TRY IT:
After locating the line that contains "Cornijas, guardas, rodapés", quote it and all lines after it through the end of the entries, and nothing more. Pictures stay out.

......

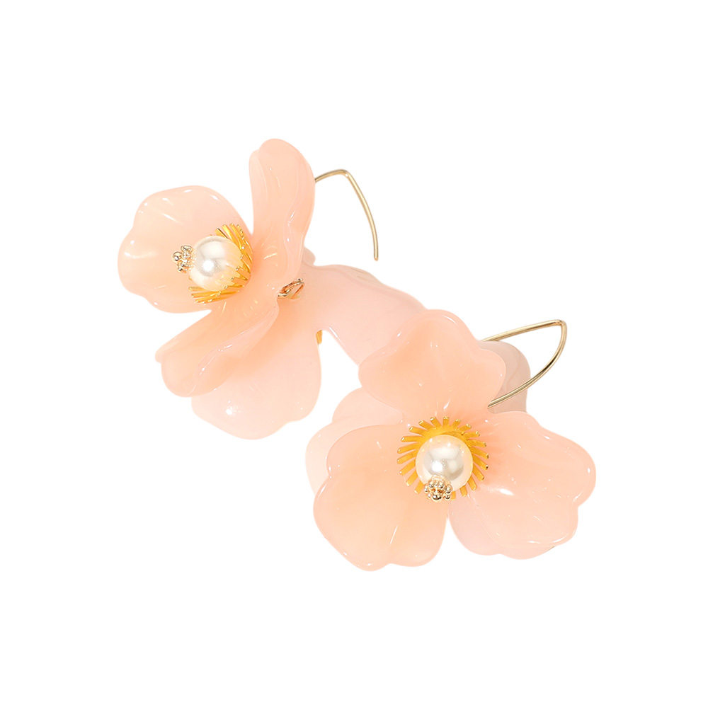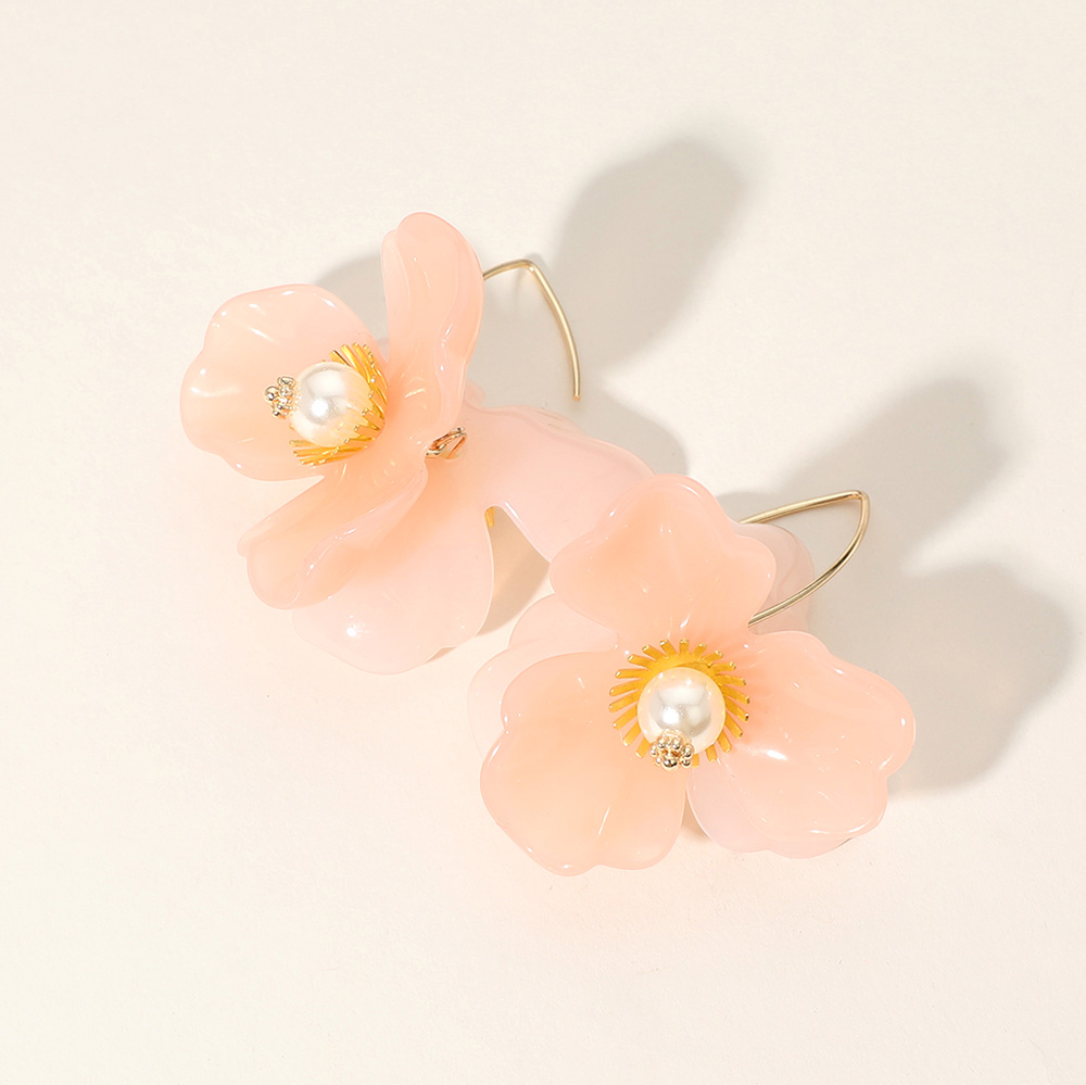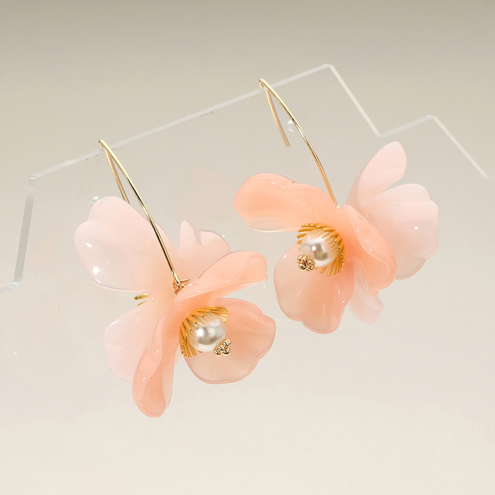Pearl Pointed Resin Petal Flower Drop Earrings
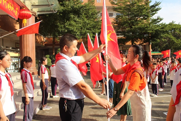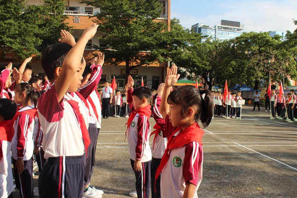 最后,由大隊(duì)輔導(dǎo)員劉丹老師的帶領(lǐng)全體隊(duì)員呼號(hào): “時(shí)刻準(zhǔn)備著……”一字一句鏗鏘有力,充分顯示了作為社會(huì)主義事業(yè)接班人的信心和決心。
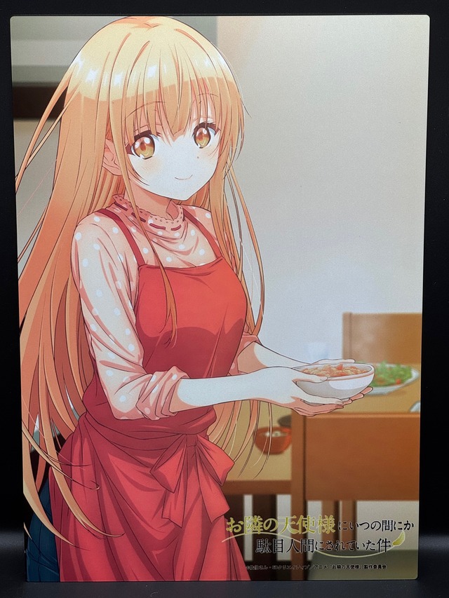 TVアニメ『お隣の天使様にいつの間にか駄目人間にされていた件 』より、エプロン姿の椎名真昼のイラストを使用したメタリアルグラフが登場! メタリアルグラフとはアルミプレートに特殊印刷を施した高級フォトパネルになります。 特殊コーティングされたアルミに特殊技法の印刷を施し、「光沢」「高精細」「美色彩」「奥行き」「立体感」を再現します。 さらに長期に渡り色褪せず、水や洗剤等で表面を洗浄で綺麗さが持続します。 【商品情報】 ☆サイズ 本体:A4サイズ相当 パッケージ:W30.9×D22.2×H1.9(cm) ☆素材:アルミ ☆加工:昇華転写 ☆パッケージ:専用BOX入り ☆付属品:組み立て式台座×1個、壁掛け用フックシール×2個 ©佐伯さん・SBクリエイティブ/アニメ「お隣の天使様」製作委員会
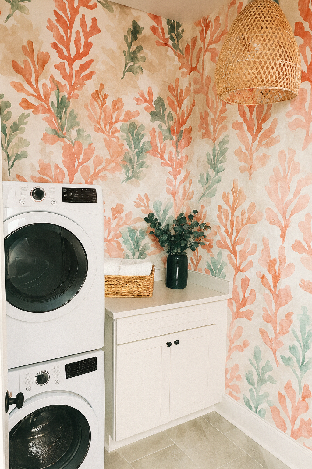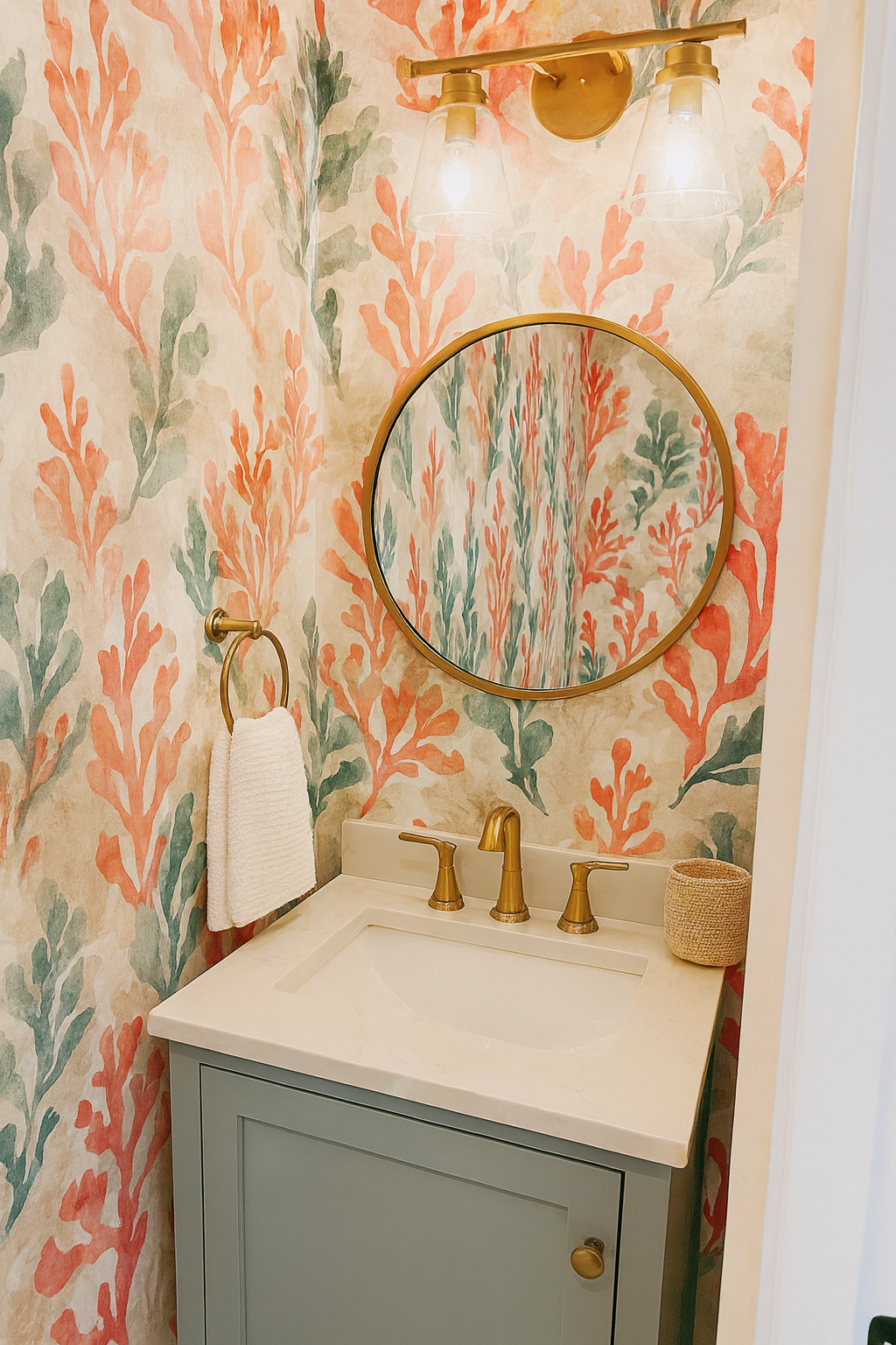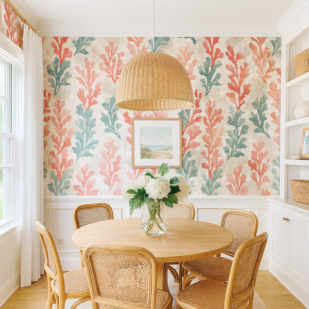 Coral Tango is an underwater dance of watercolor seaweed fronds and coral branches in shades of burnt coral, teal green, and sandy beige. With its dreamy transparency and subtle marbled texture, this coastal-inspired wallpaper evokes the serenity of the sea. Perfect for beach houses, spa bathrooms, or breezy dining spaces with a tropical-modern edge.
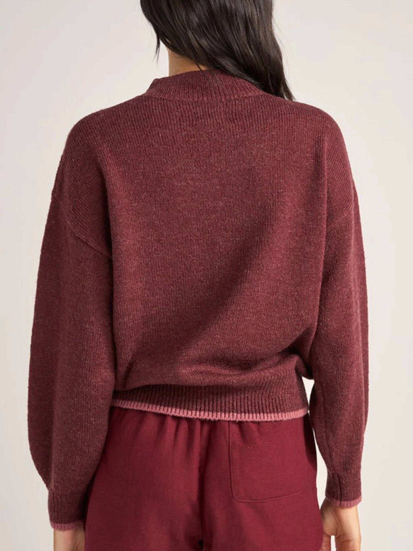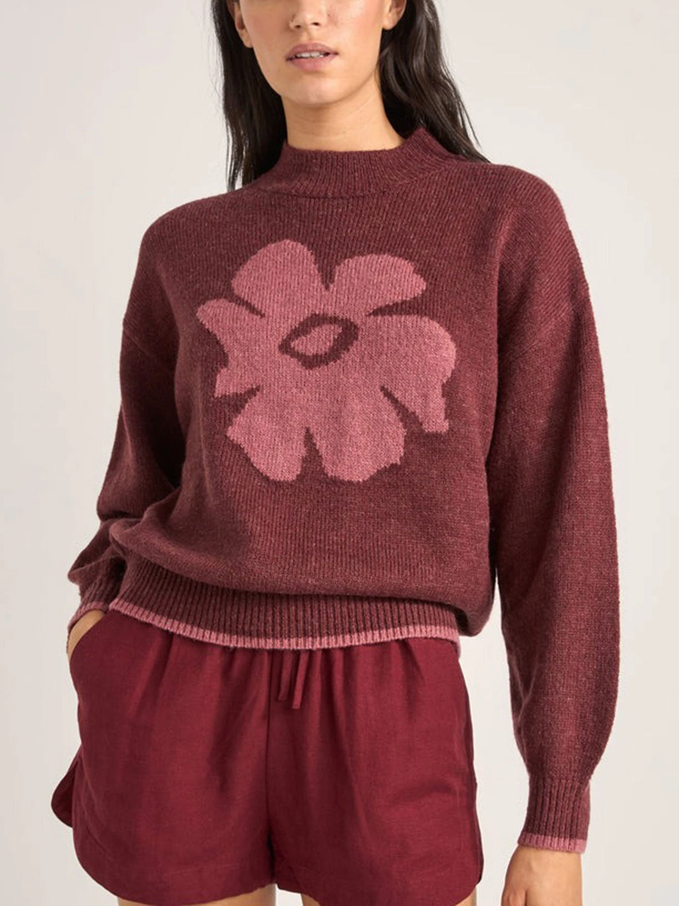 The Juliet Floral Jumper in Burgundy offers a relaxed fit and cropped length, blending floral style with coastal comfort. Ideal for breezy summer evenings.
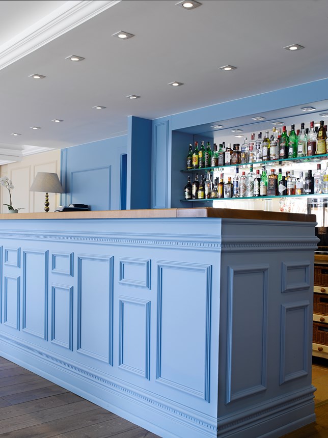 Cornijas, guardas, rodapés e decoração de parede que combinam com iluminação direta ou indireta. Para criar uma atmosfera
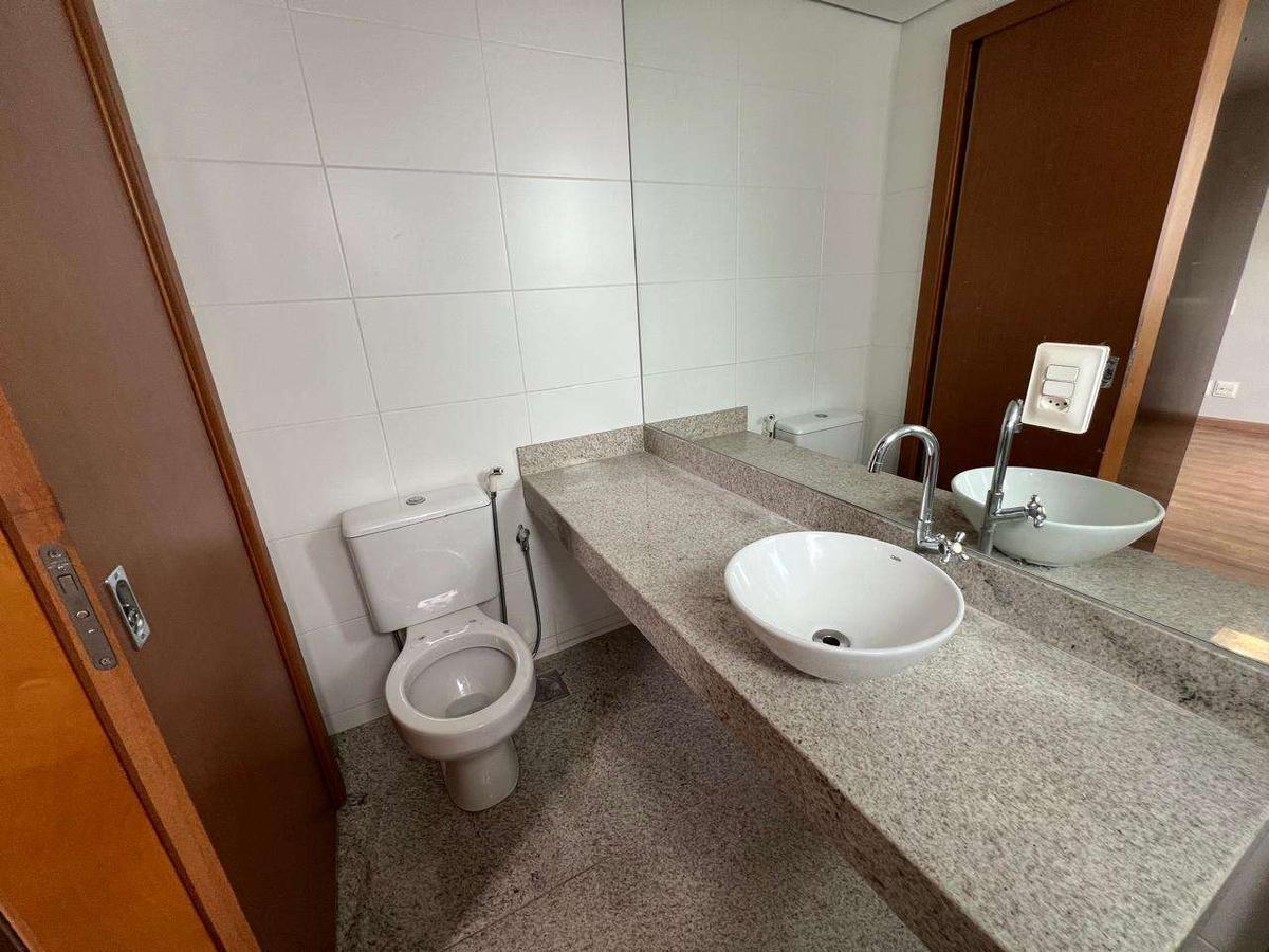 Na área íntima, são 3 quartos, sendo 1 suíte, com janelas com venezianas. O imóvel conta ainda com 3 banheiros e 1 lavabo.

......

TASK OUTPUT:
 Cornijas, guardas, rodapés e decoração de parede que combinam com iluminação direta ou indireta. Para criar uma atmosfera
 Na área íntima, são 3 quartos, sendo 1 suíte, com janelas com venezianas. O imóvel conta ainda com 3 banheiros e 1 lavabo.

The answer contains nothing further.